Adromischus cooperi (Plover's eggs)
This one's a toughie, too. In winter it will survive for several months with no water, and admittedly the "eggs" will shrivel a little, but a splash of water and they are back on their feet.I have a feeling my specimen may be a cultivar as most of the pictures I've seen have more spathe-shaped leaves, but if anyone can help me out with that, let me know! In a forthcoming post I am planning on how to choose great containers for houseplants, I'll show you a picture of this plant in another setting ... it looks amazing!
I love the strange Leopard-spotted pattern you see on this and some other succulents (check out silver squill (Ledebouria socialis), another close contender for this top five, for another cool spotted leaf pattern).
Aloe vera
(Photo used under Creative Commons from Toni Villaró)
If you've ever wanted a living, growing first aid kit, this is it. There are many claims made for the healing power of this plant, but all I know is if you keep one of these plants on the kitchen windowsill, every time you burn yourself, break off a leaf and squeeze out the gel inside to apply to the skin - it really does help such injuries to heal.
In the summer you can put these outside - they look great massed in a big zinc pot - but don't do as I did last winter and forget to bring them in, resulting in a mushy mess.
Kalanchoe daigremontiana (Mother of thousands) (Photo used under Creative Commons from blumenbiene)
There's more childhood nostalgia attached to my final choice. This isn't the ubiquitous (and naff) 'flaming Katy' (Kalanchoe blossfeldiana) of petrol station forecourts and market stalls, but a relative whose special trick is an odd form of increasing itself. The edges of every leaf are festooned with what look like tiny green flowers at first sight, but they are actually tiny plantlets, which will at a moment's notice leap off , fall to the ground and sprout roots. As you can imagine, these plants are just fascinating to kids - and, trust me, they are a hell of a lot easier to keep alive than the Venus fly trap, or "one hell of a waste of a fiver", as I always call it. As this blogpost testifies, these fellas can be devilishly invasive - if I lived in California I'd never have one in my garden, they'd be everywhere, a bit like the deeply annoying Oxalis corniculata, even with its small silver lining of edibility*.
But in a pot it's easy enough to deal with any extra plants. This - like ginger beer plants and Jamie and the Magic Torch - were ubiquitous in the 1970s and 80s (perhaps it was a local phenomenon where I lived in Buckinghamshire - perhaps you can let me know?), you'd get them at every jumble sale and plant stall this side of, say, 1987. I don't have one right now, but if anyone wants swapsies for something a bit less, well, fecund, just let me know.
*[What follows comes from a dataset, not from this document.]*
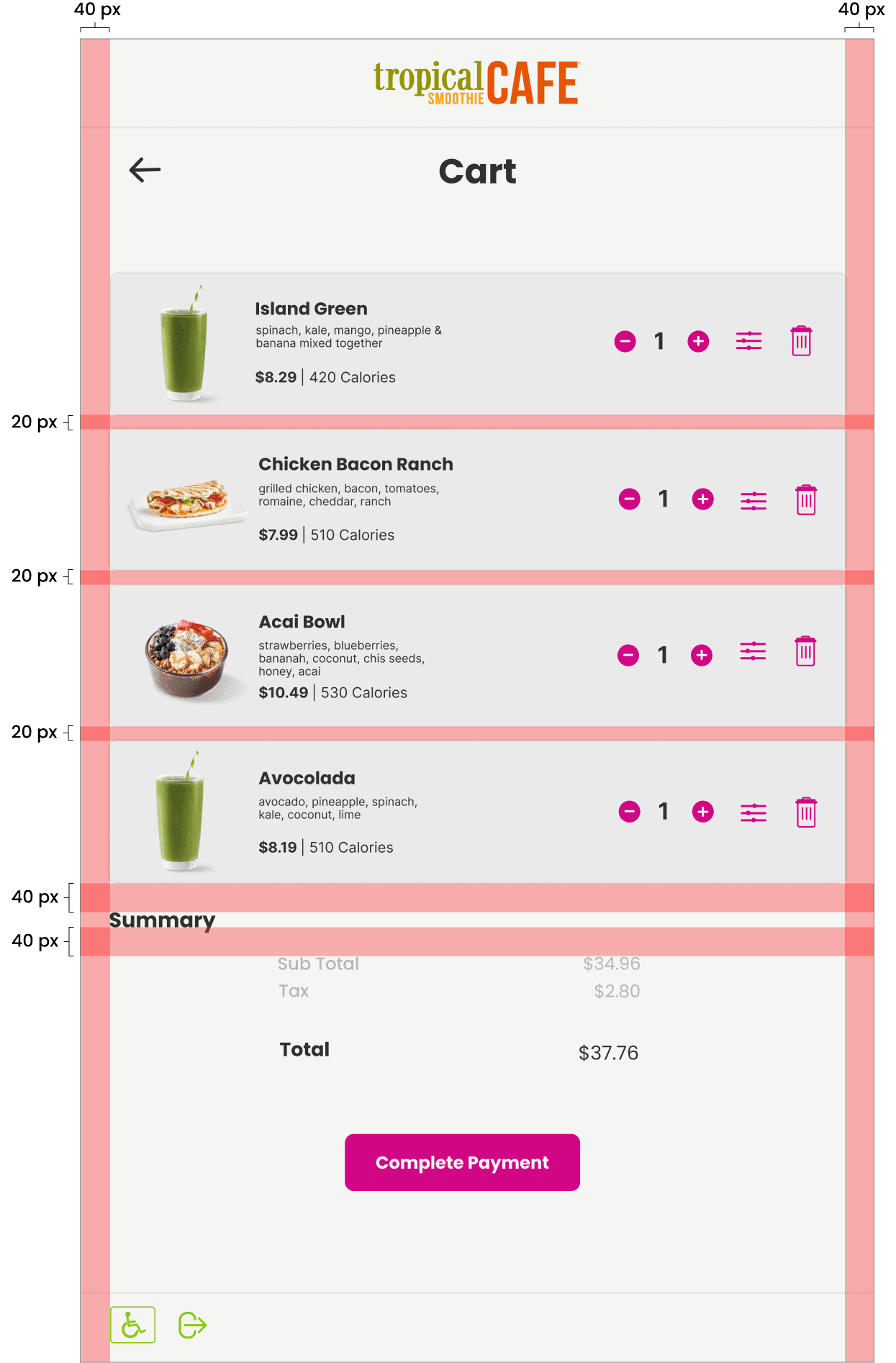 Once I went through the structure and alignment and made sure the spacing was correct I was able to create my final comps and continue on with prototyping.

As Anna Laurent writes on the Garden Design blog:
The mother-of-thousands is a superlative nurturer by necessity; somewhere on the evolutionary timeline, the unique succulent lost the ability to produce viable seeds, and so the burden of reproduction fell to its leaves. As the plant matures, spoon-shaped spurs develop along the periphery of its leaves, each yielding a miniature clone of the mother. These adventitious plantlets grow larger and form roots, all the while clinging to the mother's leaves, which now hang heavy under the weight of so many young plants.
*This is edible - the tiny, paper-thin leaves taste like sorrel on a diet: delicately citrusy. Sprinkle it on the top of a risotto You can try to eat it into submission, but be aware that this isn't a plant to dominate your salad bowl as the leaves contain small amounts of oxalic acid which is not good for your stomach if you eat it in excess. I haven't got a full idea of how much you'd need to eat to make yourself ill, but I am thinking it's bucketfuls. Nevertheless, don't blame me for an overdose, and also beware of any potential issues with allergies: try a small amount first before you dive into a big plateful.